Sorry, I tried reblogging but it totally looked like I ripped your post off and I didn’t like it. Instead I switched it up and just put a post that links over to this post! (http://thismodernwife.com/2011/10/10/pumpkin-bread-pudding/)
Your so sweet, Alanna! Thanks so much for the mention on your blog and the link back.
This looks amazing. Pumpkin is one of my favorites and I don’t know that I’ve ever seen a pumpkin bread pudding so this is on my “Must Try” list for my pumpkins this year!
Oh man. I might have to make this for Thanksgiving.

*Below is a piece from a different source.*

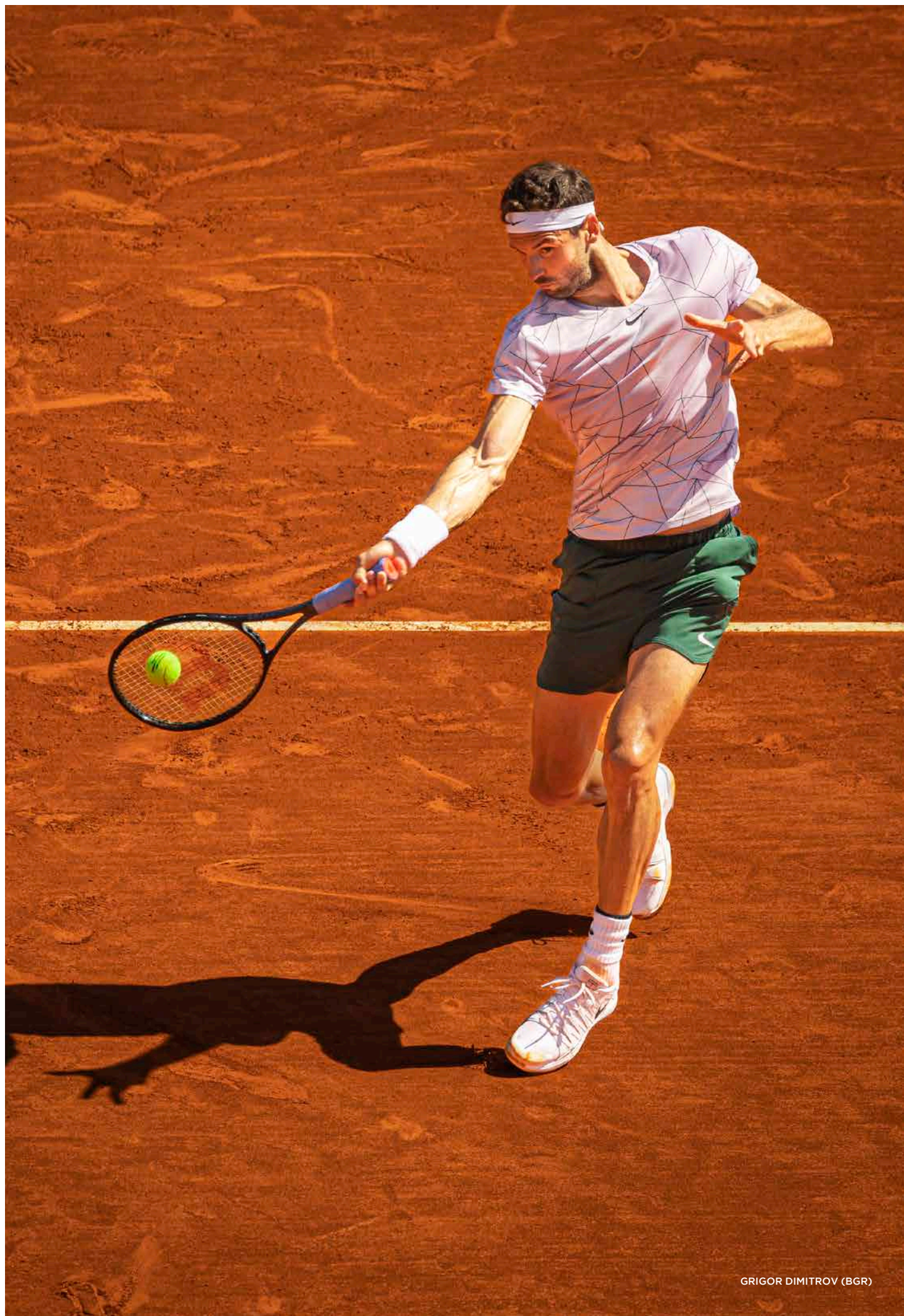
GRIGOR DIMITROV (BGR)

My dad LOVES bread pudding…if I put this in front of him, he’d be over the moon.
How good with the salted caramel sauce from Veronika post be on this pumpkin bread pudding?!
How have I not seen your blog til now?? I have subscribed and I, of course, have to try this 🙂
Thanks for subscribing. I hope you enjoy my blog!
Ooh, I’m going to make this on Monday — it’s a perfect low maintenance dessert! I’ll let you know how it turns out. 🙂
Make some creme anglaise with it to send it completely over the top! I hope you like it.
Gotta go on record for everyone to see — this pumpkin bread pudding is amazing! I followed the recipe to the letter, but used bourbon (having a love affair with it right now) instead of Grand Mariner. Om nom nom! Will make again. Soon. And not share.
Thanks, Christine! It is really good, isn’t it? Now my family is expecting this for Thanksgiving, too. I was thinking of making a little pumpkin dessert bar and making little mini versions of different things including the bread pudding and your pumpkin honey cheesecake. There are so many awesome pumpkin treats floating around wordpress, I’m sure I can find a few more. It would be a lot of work, though….
Wow! This looks good. I make bread pudding a lot with leftover bread: I’ve used rum and jam and peaches and other kinds of fruit, but never pumpkin. Thanks! — Sharyn
This was my first time making bread pudding and I was surprised at how easy it is to make. I’ll have to try it with other fruits and jams, like you have. Thanks for visiting!
How totally delicious this looks! And I love your photos!
Thanks, Julie! I am now following your blog for inspiration. Thanks for visiting!